Exercise »
Please output all of the entries exactly and omit any images they hold.

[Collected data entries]

BEGIN

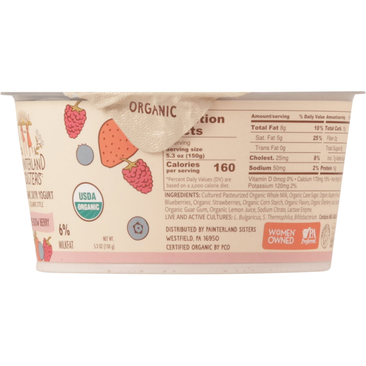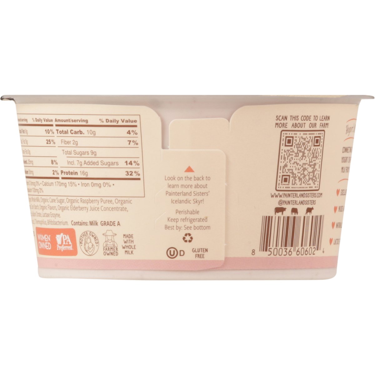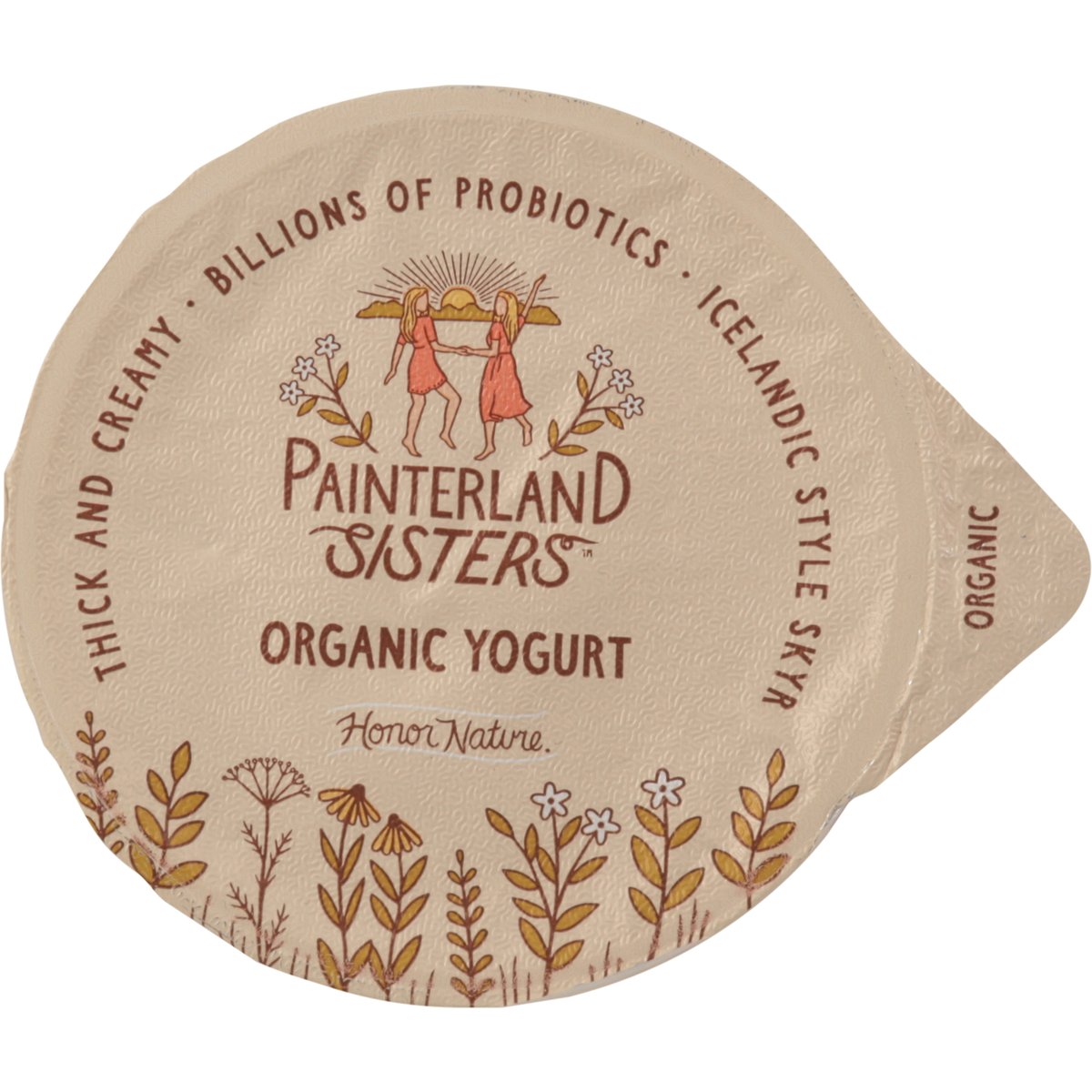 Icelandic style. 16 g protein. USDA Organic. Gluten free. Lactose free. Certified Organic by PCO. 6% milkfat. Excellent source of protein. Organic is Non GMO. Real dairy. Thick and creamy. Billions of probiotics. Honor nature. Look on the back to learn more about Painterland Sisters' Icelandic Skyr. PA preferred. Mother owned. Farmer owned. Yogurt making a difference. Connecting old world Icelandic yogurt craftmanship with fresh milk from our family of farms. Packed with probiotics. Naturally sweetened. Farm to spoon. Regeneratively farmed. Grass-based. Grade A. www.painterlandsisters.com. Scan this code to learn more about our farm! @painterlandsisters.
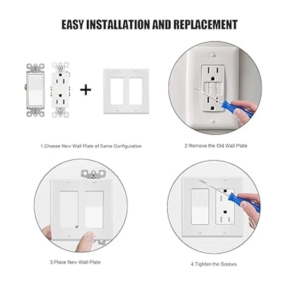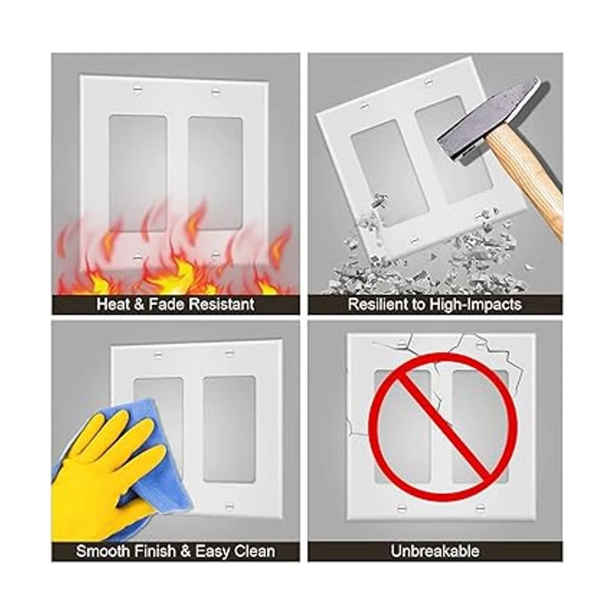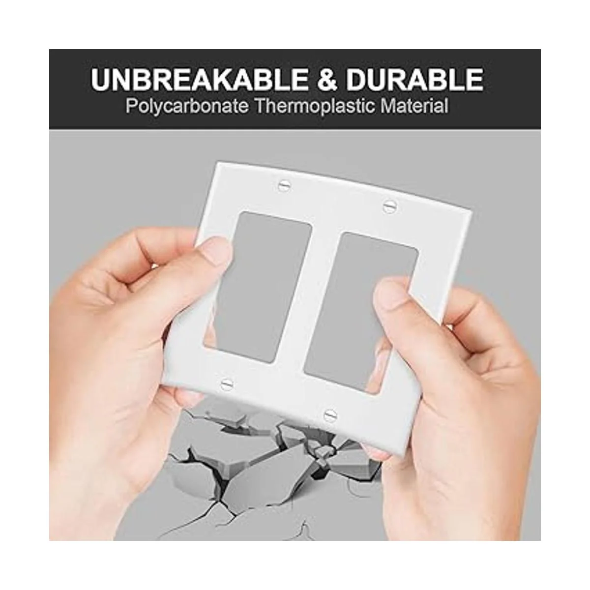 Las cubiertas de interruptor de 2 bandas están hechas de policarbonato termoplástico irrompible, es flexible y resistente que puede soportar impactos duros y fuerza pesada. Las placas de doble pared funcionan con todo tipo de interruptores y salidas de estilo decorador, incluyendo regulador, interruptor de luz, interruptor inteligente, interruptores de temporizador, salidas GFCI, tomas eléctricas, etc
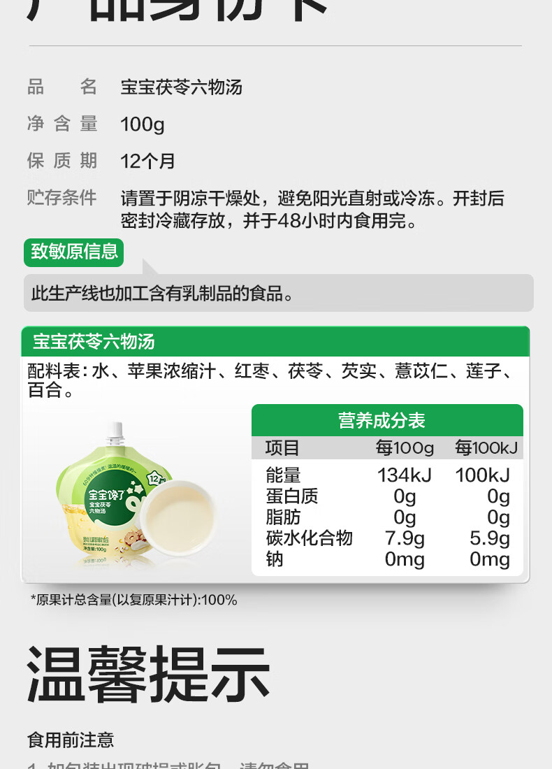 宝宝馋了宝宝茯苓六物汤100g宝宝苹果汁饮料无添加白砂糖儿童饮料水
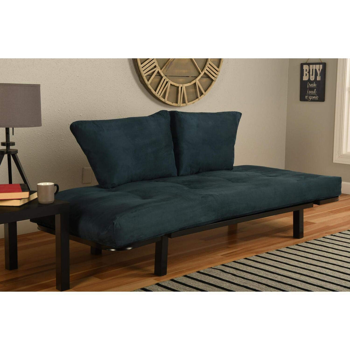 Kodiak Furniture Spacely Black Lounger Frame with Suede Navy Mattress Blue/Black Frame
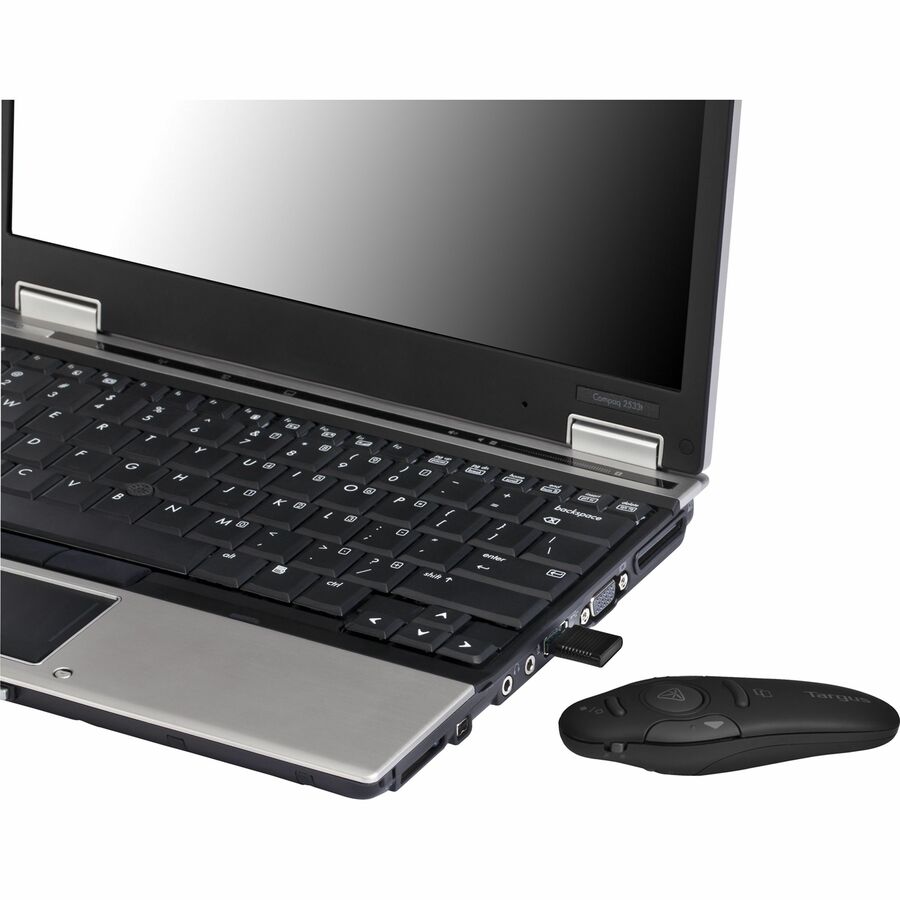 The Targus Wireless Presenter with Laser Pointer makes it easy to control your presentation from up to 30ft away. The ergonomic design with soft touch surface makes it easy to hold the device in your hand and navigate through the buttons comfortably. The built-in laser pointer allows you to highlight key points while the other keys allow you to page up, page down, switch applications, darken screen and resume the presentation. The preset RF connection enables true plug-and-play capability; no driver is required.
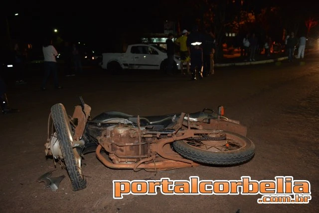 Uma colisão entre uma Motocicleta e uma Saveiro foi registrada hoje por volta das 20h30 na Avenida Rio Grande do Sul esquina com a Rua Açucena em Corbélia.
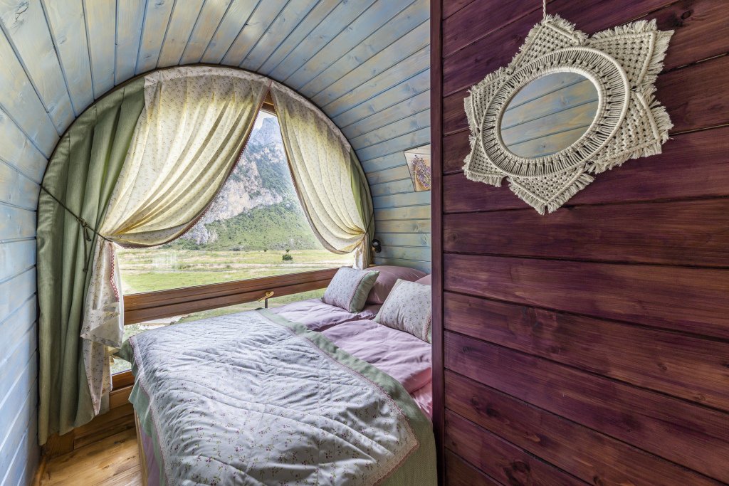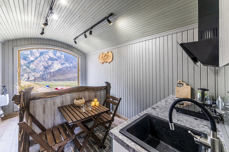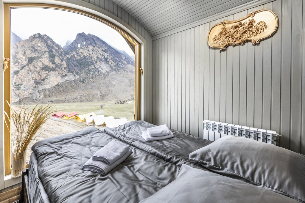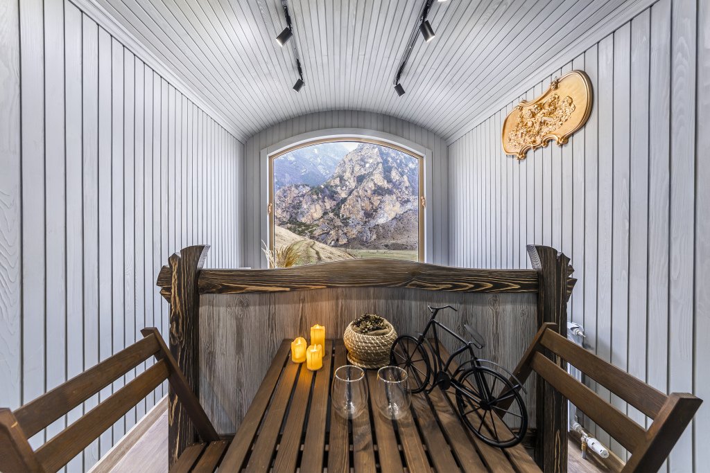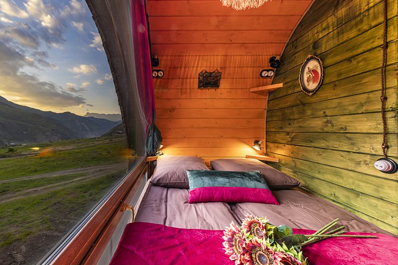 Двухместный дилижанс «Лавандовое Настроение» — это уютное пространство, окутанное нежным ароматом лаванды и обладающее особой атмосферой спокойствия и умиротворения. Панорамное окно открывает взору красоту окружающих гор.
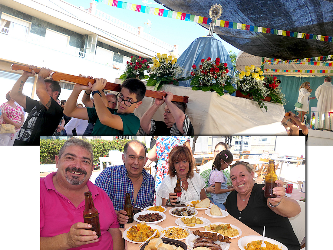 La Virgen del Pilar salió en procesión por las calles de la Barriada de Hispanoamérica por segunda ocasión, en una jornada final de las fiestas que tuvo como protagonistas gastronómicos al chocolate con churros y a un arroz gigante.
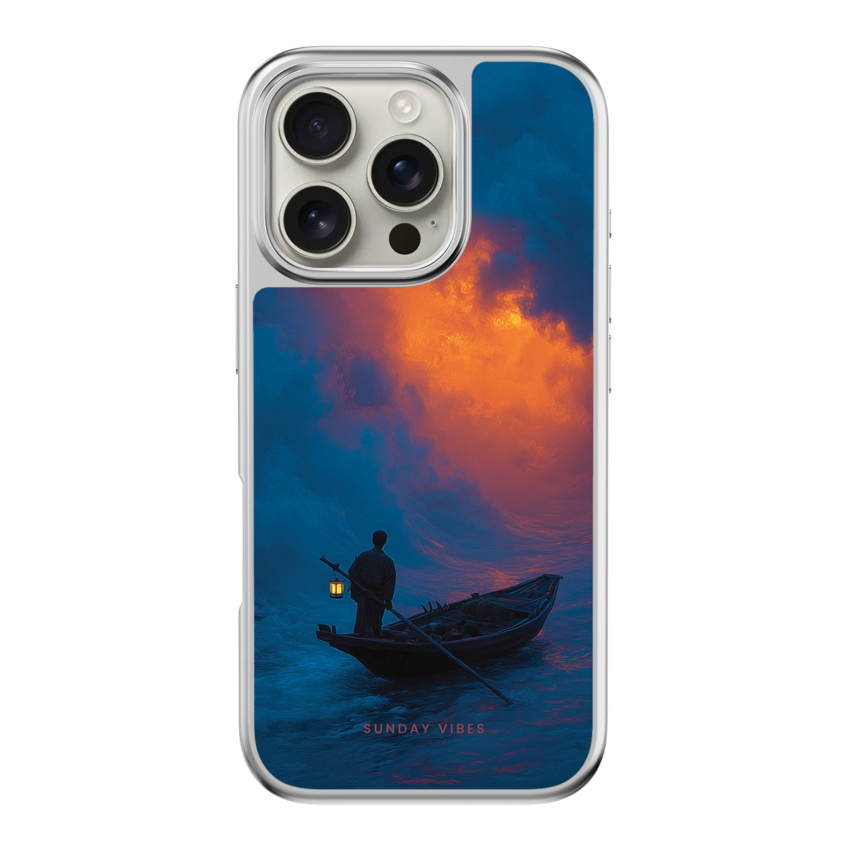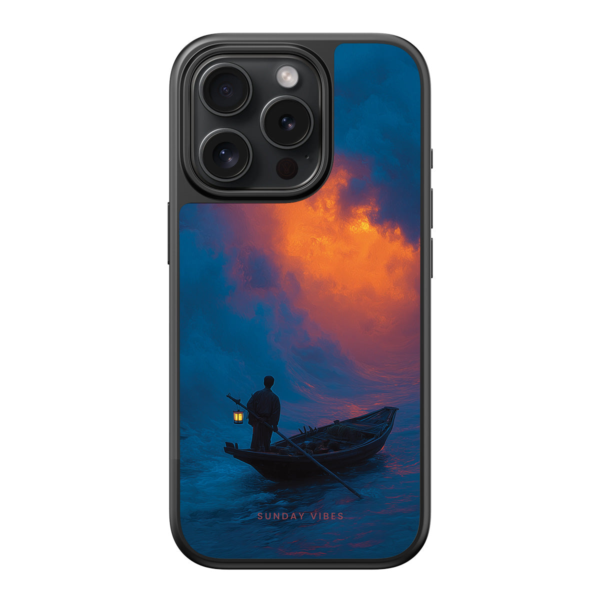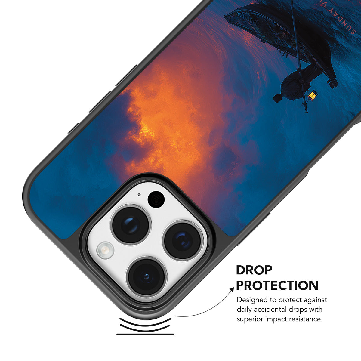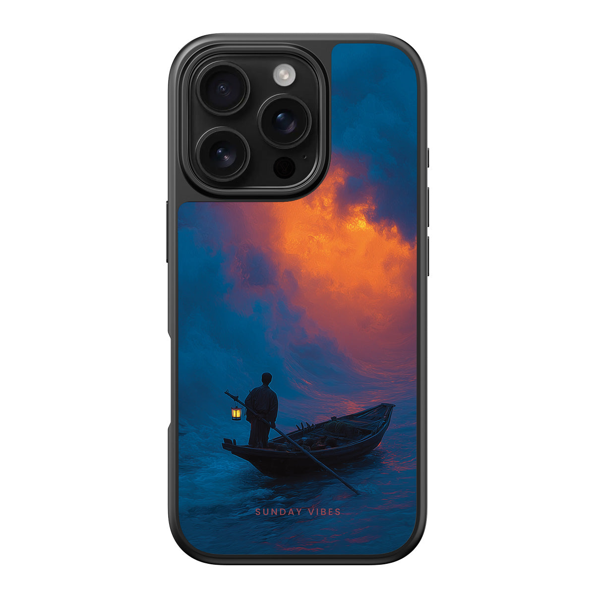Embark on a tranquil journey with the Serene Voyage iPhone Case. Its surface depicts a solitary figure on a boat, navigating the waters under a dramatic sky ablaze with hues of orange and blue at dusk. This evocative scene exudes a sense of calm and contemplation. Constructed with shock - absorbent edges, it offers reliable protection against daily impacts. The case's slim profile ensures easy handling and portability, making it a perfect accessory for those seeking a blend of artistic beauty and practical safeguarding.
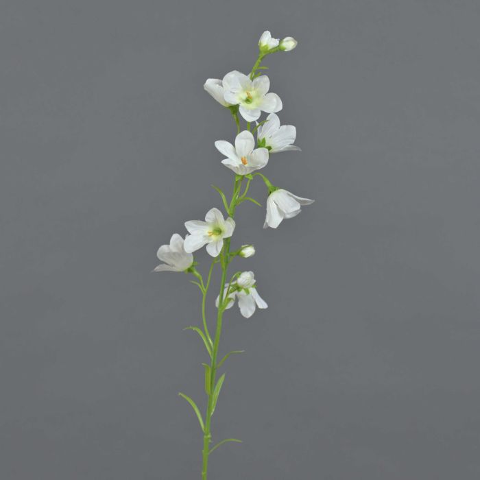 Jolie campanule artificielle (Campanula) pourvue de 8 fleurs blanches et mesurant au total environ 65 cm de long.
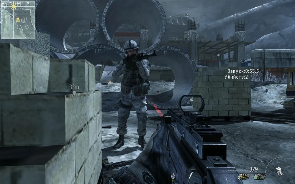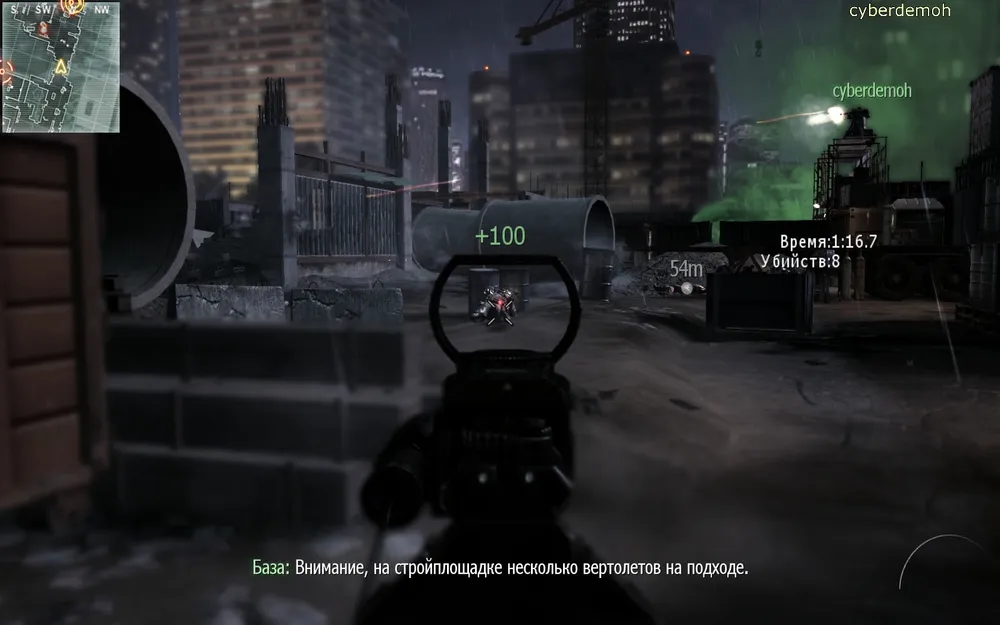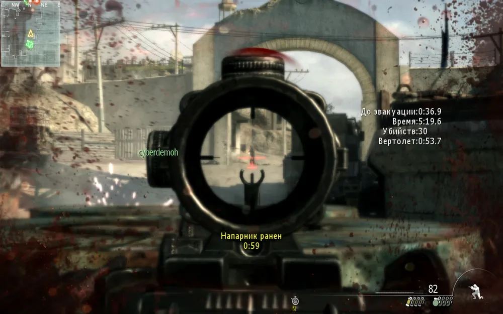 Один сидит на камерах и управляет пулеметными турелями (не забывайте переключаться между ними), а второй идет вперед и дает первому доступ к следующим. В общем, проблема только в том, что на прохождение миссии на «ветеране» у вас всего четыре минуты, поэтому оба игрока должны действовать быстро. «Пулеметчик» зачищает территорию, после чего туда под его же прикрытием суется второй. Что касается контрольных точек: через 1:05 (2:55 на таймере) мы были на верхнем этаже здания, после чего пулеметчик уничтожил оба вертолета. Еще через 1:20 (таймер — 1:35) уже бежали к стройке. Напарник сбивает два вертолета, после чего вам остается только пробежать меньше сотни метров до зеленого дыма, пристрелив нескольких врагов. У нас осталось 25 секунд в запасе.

END

Solution to the exercise »
 Icelandic style. 16 g protein. USDA Organic. Gluten free. Lactose free. Certified Organic by PCO. 6% milkfat. Excellent source of protein. Organic is Non GMO. Real dairy. Thick and creamy. Billions of probiotics. Honor nature. Look on the back to learn more about Painterland Sisters' Icelandic Skyr. PA preferred. Mother owned. Farmer owned. Yogurt making a difference. Connecting old world Icelandic yogurt craftmanship with fresh milk from our family of farms. Packed with probiotics. Naturally sweetened. Farm to spoon. Regeneratively farmed. Grass-based. Grade A. www.painterlandsisters.com. Scan this code to learn more about our farm! @painterlandsisters.
 Las cubiertas de interruptor de 2 bandas están hechas de policarbonato termoplástico irrompible, es flexible y resistente que puede soportar impactos duros y fuerza pesada. Las placas de doble pared funcionan con todo tipo de interruptores y salidas de estilo decorador, incluyendo regulador, interruptor de luz, interruptor inteligente, interruptores de temporizador, salidas GFCI, tomas eléctricas, etc
 宝宝馋了宝宝茯苓六物汤100g宝宝苹果汁饮料无添加白砂糖儿童饮料水
 Kodiak Furniture Spacely Black Lounger Frame with Suede Navy Mattress Blue/Black Frame
 The Targus Wireless Presenter with Laser Pointer makes it easy to control your presentation from up to 30ft away. The ergonomic design with soft touch surface makes it easy to hold the device in your hand and navigate through the buttons comfortably. The built-in laser pointer allows you to highlight key points while the other keys allow you to page up, page down, switch applications, darken screen and resume the presentation. The preset RF connection enables true plug-and-play capability; no driver is required.
 Uma colisão entre uma Motocicleta e uma Saveiro foi registrada hoje por volta das 20h30 na Avenida Rio Grande do Sul esquina com a Rua Açucena em Corbélia.
 Двухместный дилижанс «Лавандовое Настроение» — это уютное пространство, окутанное нежным ароматом лаванды и обладающее особой атмосферой спокойствия и умиротворения. Панорамное окно открывает взору красоту окружающих гор.
 La Virgen del Pilar salió en procesión por las calles de la Barriada de Hispanoamérica por segunda ocasión, en una jornada final de las fiestas que tuvo como protagonistas gastronómicos al chocolate con churros y a un arroz gigante.
Embark on a tranquil journey with the Serene Voyage iPhone Case. Its surface depicts a solitary figure on a boat, navigating the waters under a dramatic sky ablaze with hues of orange and blue at dusk. This evocative scene exudes a sense of calm and contemplation. Constructed with shock - absorbent edges, it offers reliable protection against daily impacts. The case's slim profile ensures easy handling and portability, making it a perfect accessory for those seeking a blend of artistic beauty and practical safeguarding.
 Jolie campanule artificielle (Campanula) pourvue de 8 fleurs blanches et mesurant au total environ 65 cm de long.
 Один сидит на камерах и управляет пулеметными турелями (не забывайте переключаться между ними), а второй идет вперед и дает первому доступ к следующим. В общем, проблема только в том, что на прохождение миссии на «ветеране» у вас всего четыре минуты, поэтому оба игрока должны действовать быстро. «Пулеметчик» зачищает территорию, после чего туда под его же прикрытием суется второй. Что касается контрольных точек: через 1:05 (2:55 на таймере) мы были на верхнем этаже здания, после чего пулеметчик уничтожил оба вертолета. Еще через 1:20 (таймер — 1:35) уже бежали к стройке. Напарник сбивает два вертолета, после чего вам остается только пробежать меньше сотни метров до зеленого дыма, пристрелив нескольких врагов. У нас осталось 25 секунд в запасе.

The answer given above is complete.